Search code examples
javasax

How do I get the correct starting/ending locations of a xml tag with SAX?


There is a Locator in SAX, and it keep track of the current location. However, when I call it in my startElement(), it always returns me the ending location of the xml tag.

How can I get the starting location of the tag? Is there any way to gracefully solve this problem?


Solution

  • Unfortunately, the Locator interface provided by the Java system library in the org.xml.sax package does not allow for more detailed information about the documentation location by definition. To quote from the documentation of the getColumnNumber method (highlights added by me):

    The return value from the method is intended only as an approximation for the sake of diagnostics; it is not intended to provide sufficient information to edit the character content of the original XML document. For example, when lines contain combining character sequences, wide characters, surrogate pairs, or bi-directional text, the value may not correspond to the column in a text editor's display.

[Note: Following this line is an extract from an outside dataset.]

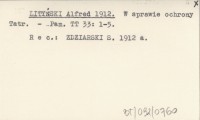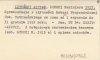 [LITYŃSKI Alfred] 1912 Z Sekcyi Przyrodniczej Tow. Tatrz.

    According to that specification, you will always get the position "of the first character after the text associated with the document event" based on best effort by the SAX driver. So the short answer to the first part of your question is: No, the Locator does not provide information about the start location of a tag. Also, if you are dealing with multi-byte characters in your documents, e.g., Chinese or Japanese text, the position you get from the SAX driver is probably not what you want.

    If you are after exact positions for tags, or want even more fine grained information about attributes, attribute content etc., you'd have to implement your own location provider.

    With all the potential encoding issues, Unicode characters etc. involved, I guess this is too big of a project to post here, the implementation will also depend on your specific requirements.

    Just a quick warning from personal experience: Writing a wrapper around the InputStream you pass into the SAX parser is dangerous as you don't know when the SAX parser will report it's events based on what it has already read from the stream.

    You could start by doing some counting of your own in the characters(char[], int, int) method of your ContentHandler by checking for line breaks, tabs etc. in addition to using the Locator information, which should give you a better picture of where in the document you actually are. By remembering the positions of the last event you could calculate the start position of the current one. Take into account though, that you might not see all line breaks, as those could appear inside tags which you would not see in characters, but you could deduce those from the Locator information.